As part of my initiative to get The Workaholic home before 2am, my hatred of the daily shower, and a sponsored post for Collective Bias, I’m telling you how you can always be ready to give a standing-ovation-worthy performance for your lover that won’t leave them running to grab some air freshener.
Don’t get your panties in a twist just yet.
You guys know how dirty I am. I am just clean enough to be socially acceptable and just dirty enough that my hair still looks good four days after the last time it was washed. I am the queen of the whore’s bath, and master of masking the musk. Perhaps you clean girls haven’t noticed that when you haven’t showered in a day or two (sometimes three), your man is crazy attracted to you. You haven’t slathered yourself with perfumes and scented lotions. You haven’t washed your own natural smell away with bubbly soaps, and you smell like a woman. Perhaps even a woman of the night. Rawr. Your natural musk has had time to seep out of your pores and your husband becomes excited every time you waft by him. That’s because your scent is sexy. Your pheromones are wild. And you don’t smell as badly as you think you do.
Let me tell you how I keep the puff clean without drowning myself in time management heckfire for the sake of a shower.
I’ve said it before and I’ll say it again: “I just don’t take the time to shower EVERY day.” Sometimes I miss a day here and there. Sometimes it’s TWO days *GASP!* Close your mouth and open your nose. You know you’ve been there. Unless you didn’t wipe well or have some dingleberries, you probably smell like a sexy beast to your husband and every other man you come into contact with.
Let’s just be honest. Once you’re past the whole newlysexed or newlywed stage, depending on what type of relationship you’re in, you probably throw caution to the hurricane winds and just do it whenever the need or want arises. I know once you have kids, sometimes it’s a matter of finding a few minutes to slip it in (see what I did there?), even if that means just before exploding out the door to get to a PTA meeting. I don’t know about you, but I don’t want to be smelling like I just left the bunny ranch when I’m hanging out with a bunch of stuffy moms, all of whom I’m sure have dirty little secrets of their own.
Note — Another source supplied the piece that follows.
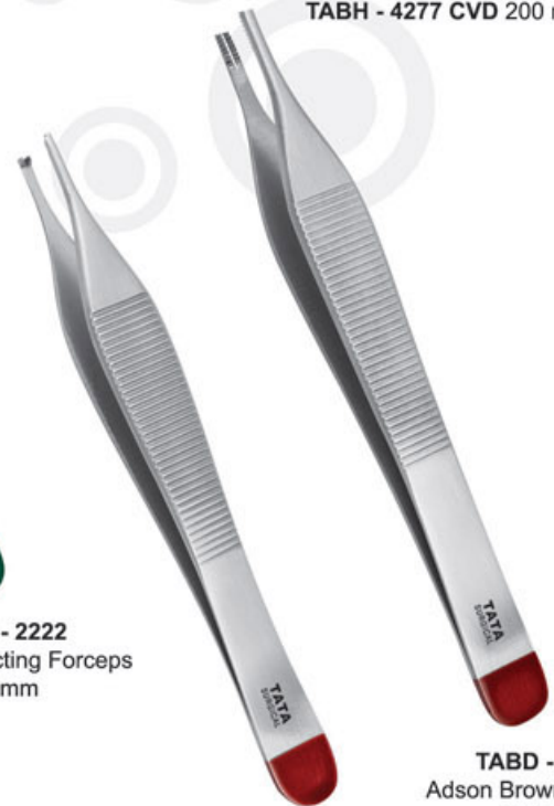
TABD - 7000 Adson Brown Forceps 120 mm

The Workaholic is most fired up when I get home from the gym. There’s something about being salt encrusted and stank that he goes gaga for. He’s pretty hungry ifyouknowwhaddimean and I’m always more than a little worried that when he gets to the buffet, he’s not gonna like the way what’s being served smells. He doesn’t want me to take a shower because he wants me all sweaty and salty, but you know, things aren’t exactly like a field of curly grass with a spring breeze blowing through it down below.
Or how about when you’re one of those nasty girls (calling myself out here) who don’t wear underwear but prefer to wear dresses? And you’re on vacation? And you just got done with some steamy vacation sex? And you don’t want special sauce running down your leg while you’re walking the boardwalk?
What do you do in cases like these?
You do what I do. You use Fresh and Sexy wipes by Playtex. You take one of those little puppies out, you wipe the puff off and out, and you get on with your day smelling as fresh as a daisy. Honestly. They take that musky after sex smell that screams, “YO! I JUST got done makin’ my man super happy!” and they mute it to a calm whisper.
No more sex and candy smell, people! It’s now like fresh and candy.
I smell Fresh and Can-dy. YyeeaaahhhhuuhhhhhhhMMmmmhhmmmmm.
Hey dudes, Fresh and Sexy wipes are for you too!
The Workaholic and I squeeze a quickie in just before he leaves for work sometimes. More often than not, it’s pants around the ankles with shoes still on kinda action, so he’s not exactly shower-ready but he doesn’t want every dog in a ten mile radius to come runnin’ either. These have been great for a quick polish of the knob and a lot less messy than a wet washrag.